— WHAT NEEDS TO BE DONE —
From the material below, copy exactly the lines beginning with the one that contains "③连接OC,易证△AOC是等" and ending with the one that contains "Dior25Ss New T-shirt"; the pictures stay out.

— EXCERPTED RECORDS —
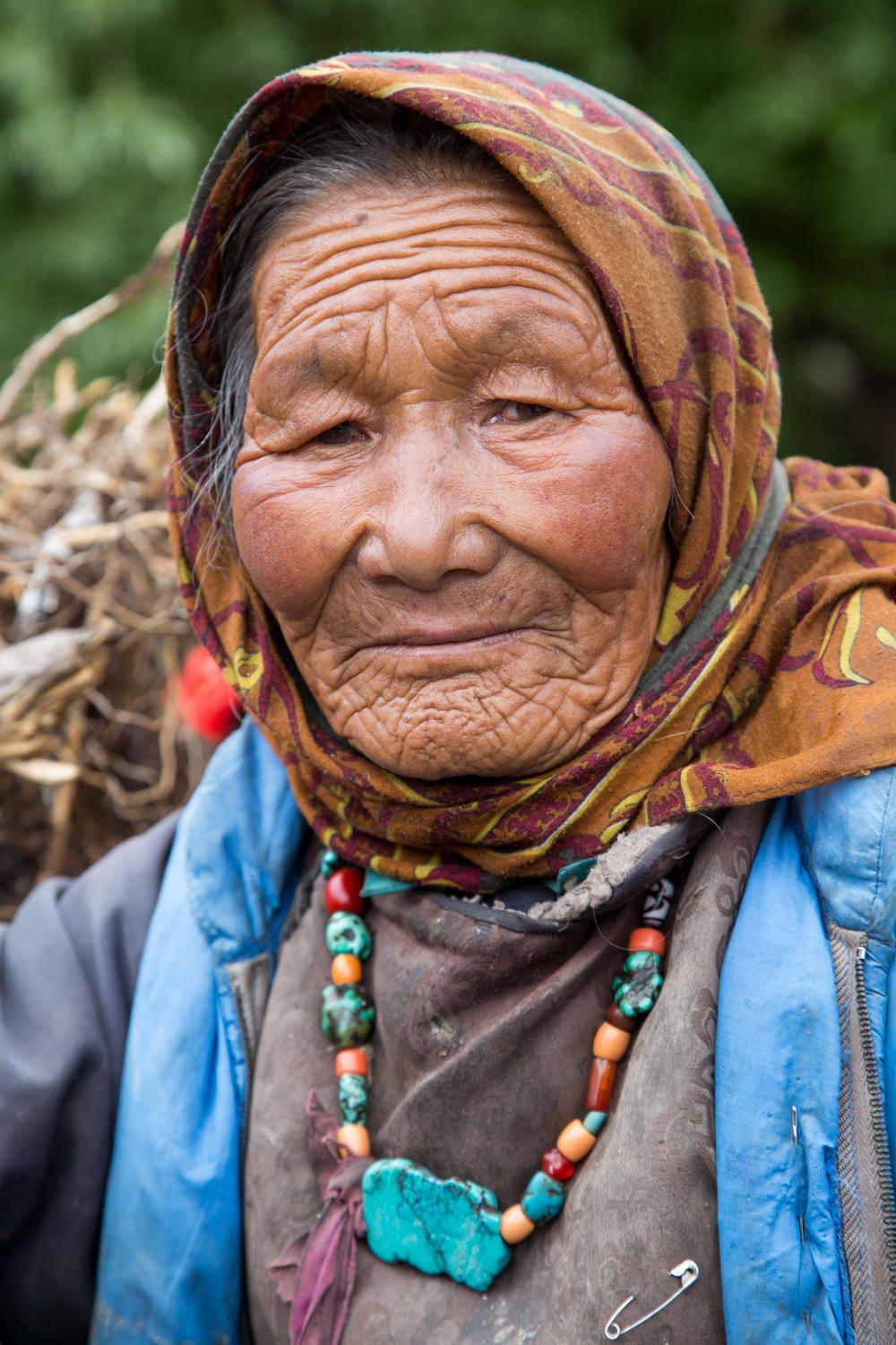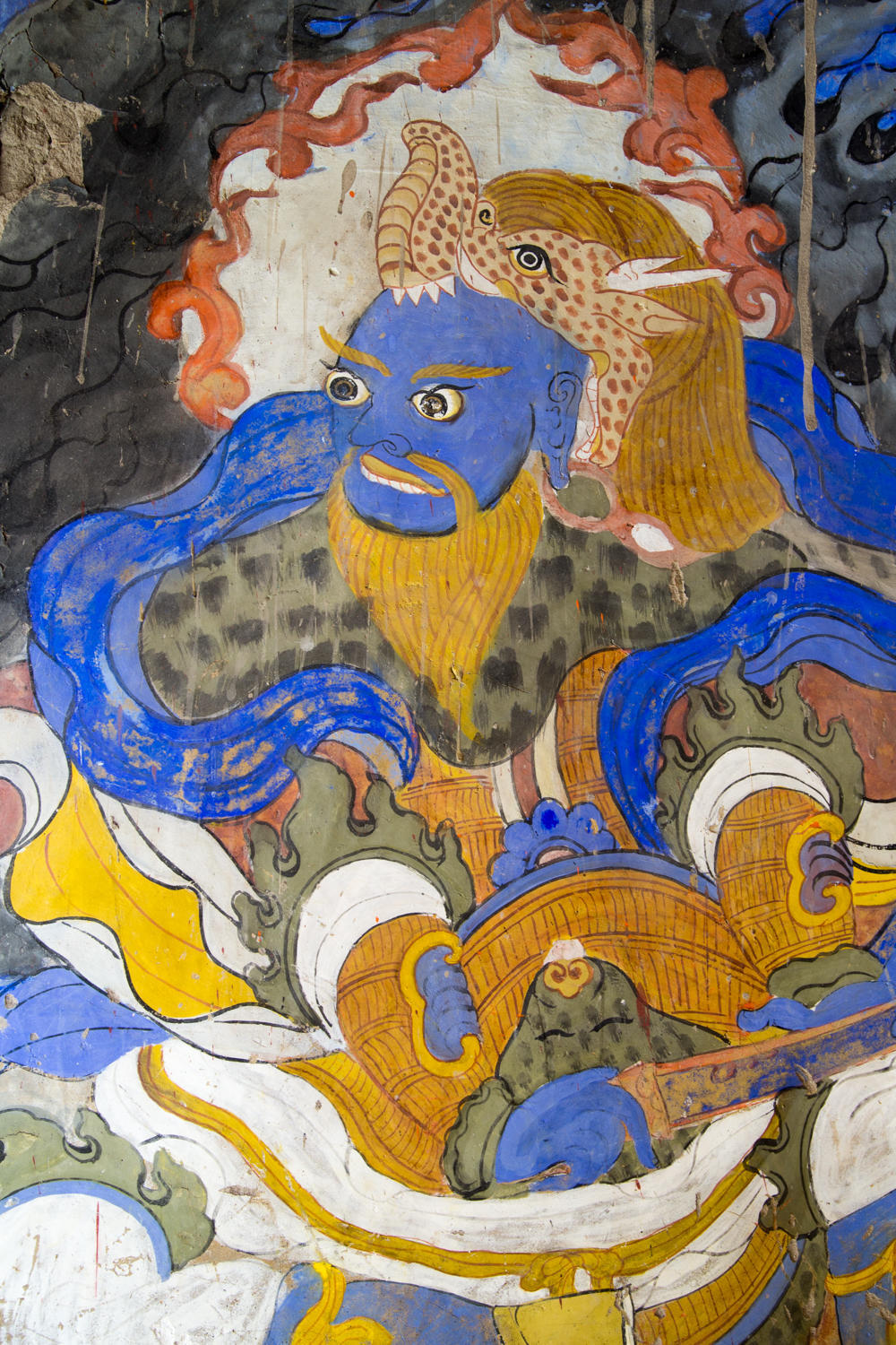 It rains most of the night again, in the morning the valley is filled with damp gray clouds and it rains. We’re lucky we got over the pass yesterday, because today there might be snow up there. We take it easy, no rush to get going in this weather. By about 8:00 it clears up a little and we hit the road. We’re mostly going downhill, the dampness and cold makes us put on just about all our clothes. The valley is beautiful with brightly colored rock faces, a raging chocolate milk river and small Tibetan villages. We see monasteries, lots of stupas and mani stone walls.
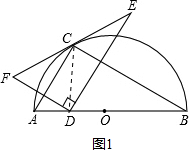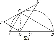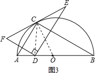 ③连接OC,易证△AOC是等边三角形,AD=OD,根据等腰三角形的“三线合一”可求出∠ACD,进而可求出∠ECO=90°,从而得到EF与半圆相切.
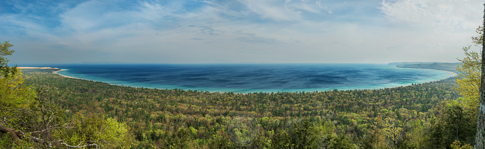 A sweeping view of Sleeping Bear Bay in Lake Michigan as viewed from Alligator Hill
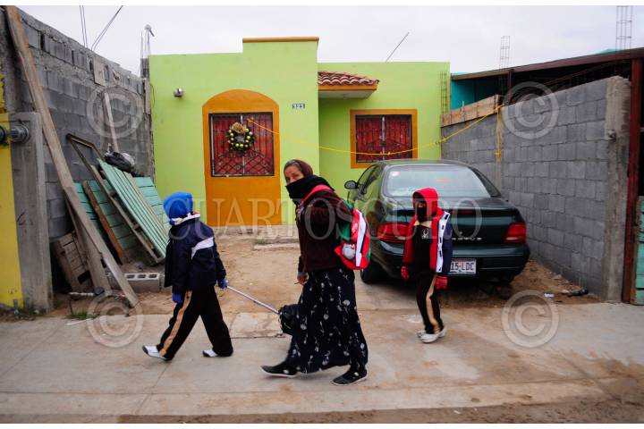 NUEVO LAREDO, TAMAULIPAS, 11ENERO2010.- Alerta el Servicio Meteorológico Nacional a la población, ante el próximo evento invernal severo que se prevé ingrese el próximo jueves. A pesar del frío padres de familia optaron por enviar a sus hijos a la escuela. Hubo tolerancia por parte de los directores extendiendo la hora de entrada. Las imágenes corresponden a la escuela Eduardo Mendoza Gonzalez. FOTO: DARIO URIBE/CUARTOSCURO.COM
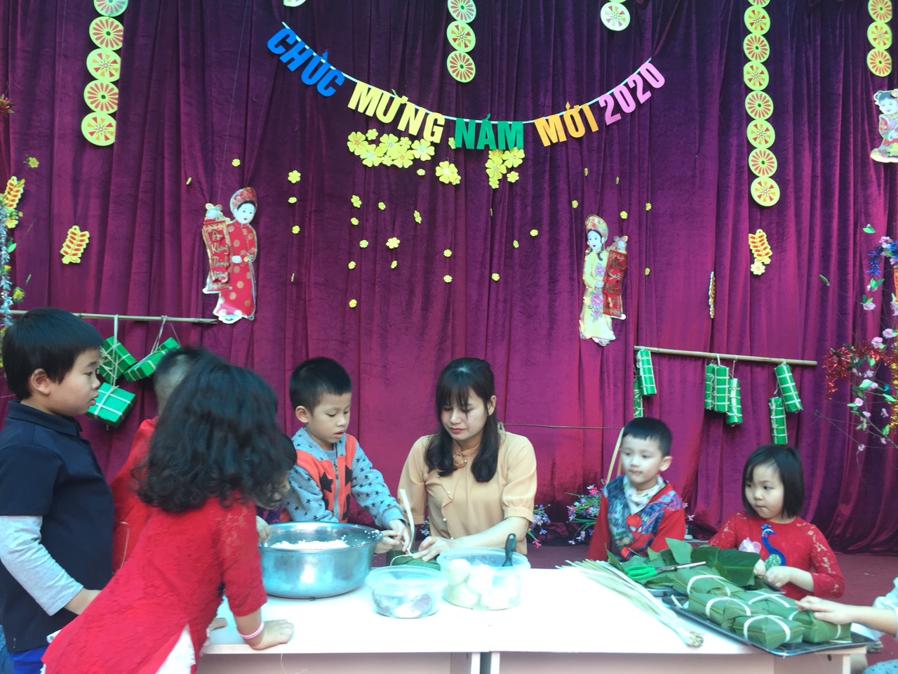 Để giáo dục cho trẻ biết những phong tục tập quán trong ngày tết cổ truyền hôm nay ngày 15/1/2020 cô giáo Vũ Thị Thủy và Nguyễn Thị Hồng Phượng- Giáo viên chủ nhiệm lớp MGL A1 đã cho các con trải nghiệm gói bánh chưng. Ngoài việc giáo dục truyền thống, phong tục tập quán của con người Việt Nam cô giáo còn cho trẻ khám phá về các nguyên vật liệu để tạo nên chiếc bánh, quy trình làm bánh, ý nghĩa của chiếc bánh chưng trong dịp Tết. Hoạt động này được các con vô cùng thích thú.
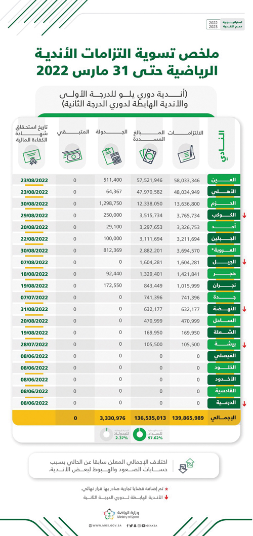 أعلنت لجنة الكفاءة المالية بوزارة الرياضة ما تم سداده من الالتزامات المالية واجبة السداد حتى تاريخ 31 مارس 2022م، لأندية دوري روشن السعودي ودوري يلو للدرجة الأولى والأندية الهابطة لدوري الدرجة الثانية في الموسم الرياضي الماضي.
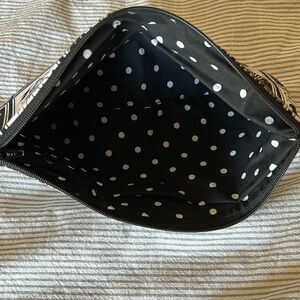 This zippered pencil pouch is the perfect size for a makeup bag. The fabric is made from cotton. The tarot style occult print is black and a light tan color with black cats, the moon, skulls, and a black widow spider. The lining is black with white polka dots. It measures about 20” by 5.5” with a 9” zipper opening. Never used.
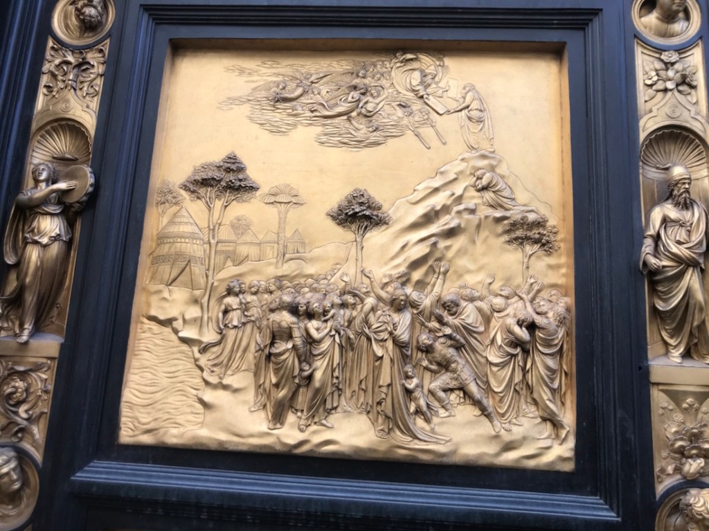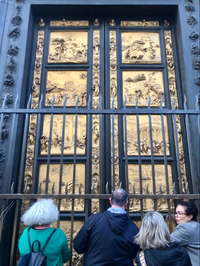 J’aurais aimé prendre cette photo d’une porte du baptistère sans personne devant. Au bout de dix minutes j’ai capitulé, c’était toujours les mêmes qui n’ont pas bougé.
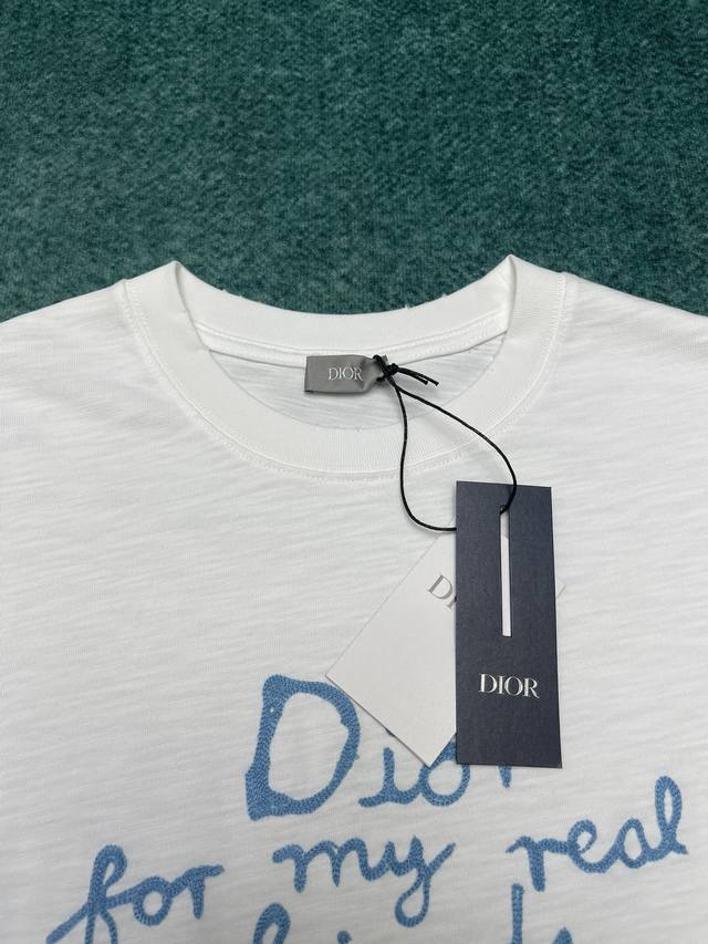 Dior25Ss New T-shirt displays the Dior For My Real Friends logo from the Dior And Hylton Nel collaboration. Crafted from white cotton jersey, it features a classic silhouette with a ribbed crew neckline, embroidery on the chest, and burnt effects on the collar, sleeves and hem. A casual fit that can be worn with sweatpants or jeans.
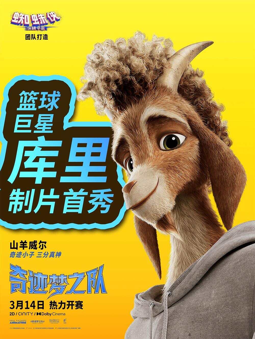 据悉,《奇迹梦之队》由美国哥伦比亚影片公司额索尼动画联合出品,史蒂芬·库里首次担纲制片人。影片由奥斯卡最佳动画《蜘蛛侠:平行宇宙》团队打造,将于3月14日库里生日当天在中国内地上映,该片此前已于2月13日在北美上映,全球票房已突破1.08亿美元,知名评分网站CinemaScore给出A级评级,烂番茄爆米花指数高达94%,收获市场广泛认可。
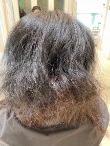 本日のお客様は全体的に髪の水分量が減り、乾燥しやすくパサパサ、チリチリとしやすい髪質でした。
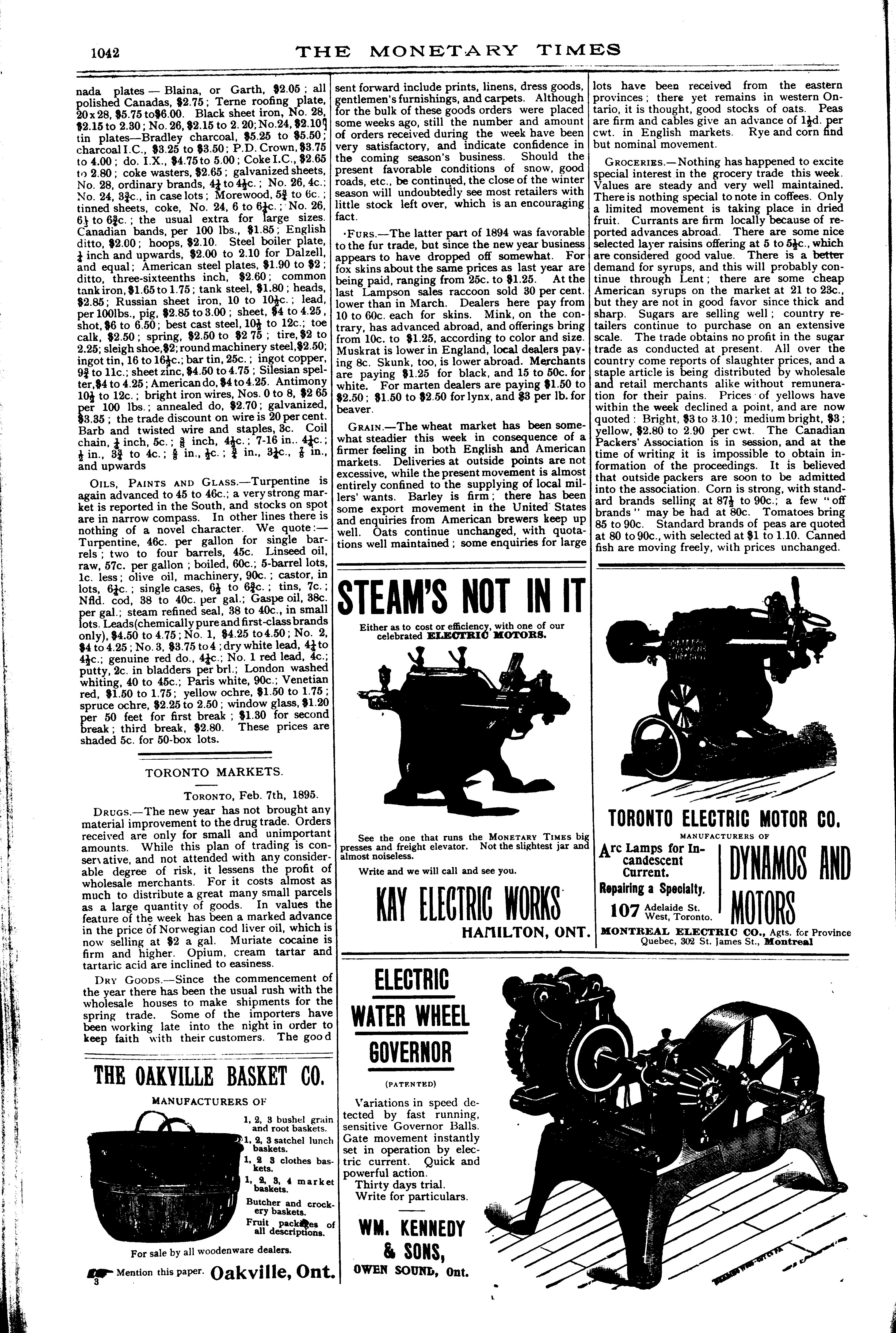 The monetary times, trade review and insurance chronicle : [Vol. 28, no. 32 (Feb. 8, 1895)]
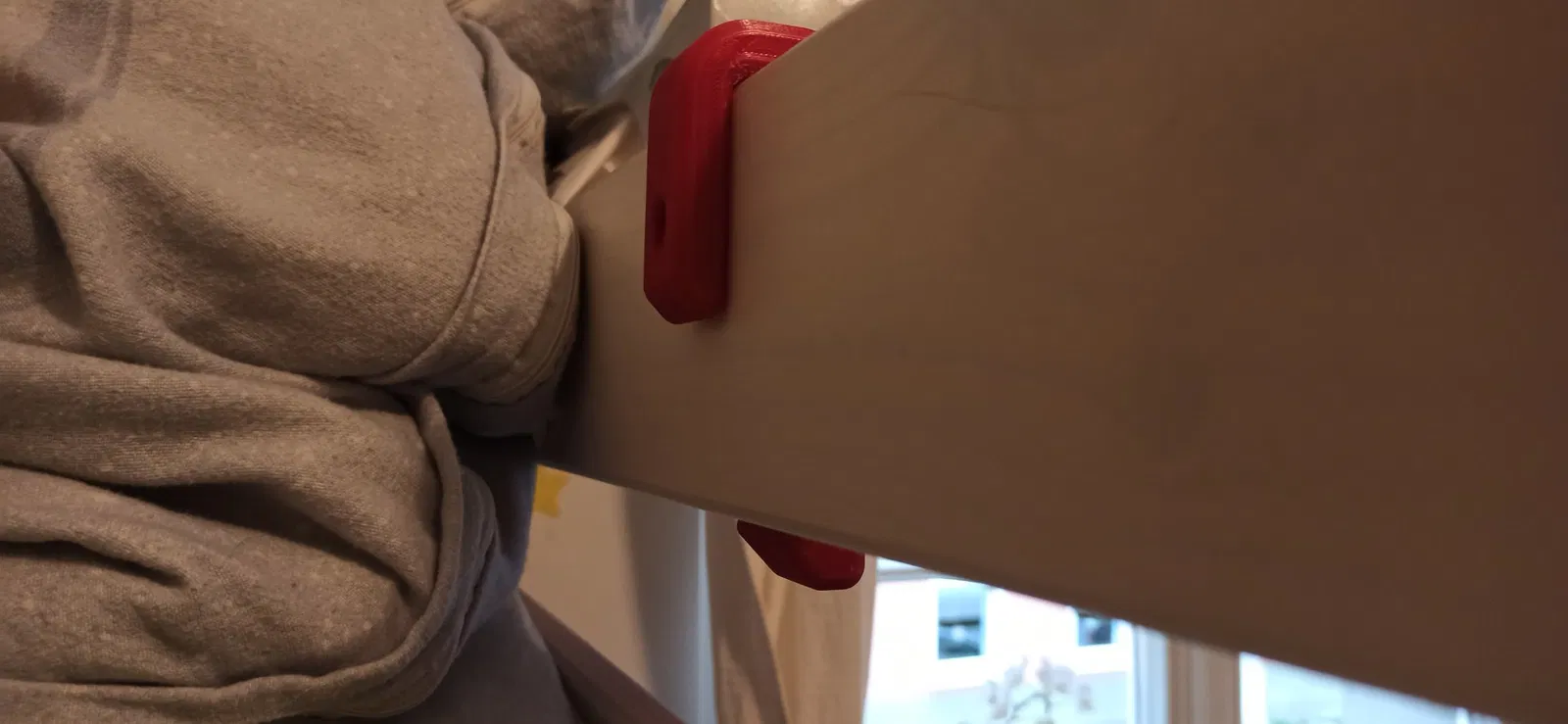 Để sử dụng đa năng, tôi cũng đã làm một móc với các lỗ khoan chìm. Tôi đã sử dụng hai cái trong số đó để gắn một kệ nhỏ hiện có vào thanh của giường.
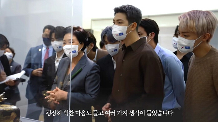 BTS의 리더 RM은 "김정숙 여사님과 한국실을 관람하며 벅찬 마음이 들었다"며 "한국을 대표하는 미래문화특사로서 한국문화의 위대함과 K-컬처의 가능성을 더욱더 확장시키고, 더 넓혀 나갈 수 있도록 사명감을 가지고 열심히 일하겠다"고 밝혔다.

— YOUR RESPONSE —
 ③连接OC,易证△AOC是等边三角形,AD=OD,根据等腰三角形的“三线合一”可求出∠ACD,进而可求出∠ECO=90°,从而得到EF与半圆相切.
 A sweeping view of Sleeping Bear Bay in Lake Michigan as viewed from Alligator Hill
 NUEVO LAREDO, TAMAULIPAS, 11ENERO2010.- Alerta el Servicio Meteorológico Nacional a la población, ante el próximo evento invernal severo que se prevé ingrese el próximo jueves. A pesar del frío padres de familia optaron por enviar a sus hijos a la escuela. Hubo tolerancia por parte de los directores extendiendo la hora de entrada. Las imágenes corresponden a la escuela Eduardo Mendoza Gonzalez. FOTO: DARIO URIBE/CUARTOSCURO.COM
 Để giáo dục cho trẻ biết những phong tục tập quán trong ngày tết cổ truyền hôm nay ngày 15/1/2020 cô giáo Vũ Thị Thủy và Nguyễn Thị Hồng Phượng- Giáo viên chủ nhiệm lớp MGL A1 đã cho các con trải nghiệm gói bánh chưng. Ngoài việc giáo dục truyền thống, phong tục tập quán của con người Việt Nam cô giáo còn cho trẻ khám phá về các nguyên vật liệu để tạo nên chiếc bánh, quy trình làm bánh, ý nghĩa của chiếc bánh chưng trong dịp Tết. Hoạt động này được các con vô cùng thích thú.
 أعلنت لجنة الكفاءة المالية بوزارة الرياضة ما تم سداده من الالتزامات المالية واجبة السداد حتى تاريخ 31 مارس 2022م، لأندية دوري روشن السعودي ودوري يلو للدرجة الأولى والأندية الهابطة لدوري الدرجة الثانية في الموسم الرياضي الماضي.
 This zippered pencil pouch is the perfect size for a makeup bag. The fabric is made from cotton. The tarot style occult print is black and a light tan color with black cats, the moon, skulls, and a black widow spider. The lining is black with white polka dots. It measures about 20” by 5.5” with a 9” zipper opening. Never used.
 J’aurais aimé prendre cette photo d’une porte du baptistère sans personne devant. Au bout de dix minutes j’ai capitulé, c’était toujours les mêmes qui n’ont pas bougé.
 Dior25Ss New T-shirt displays the Dior For My Real Friends logo from the Dior And Hylton Nel collaboration. Crafted from white cotton jersey, it features a classic silhouette with a ribbed crew neckline, embroidery on the chest, and burnt effects on the collar, sleeves and hem. A casual fit that can be worn with sweatpants or jeans.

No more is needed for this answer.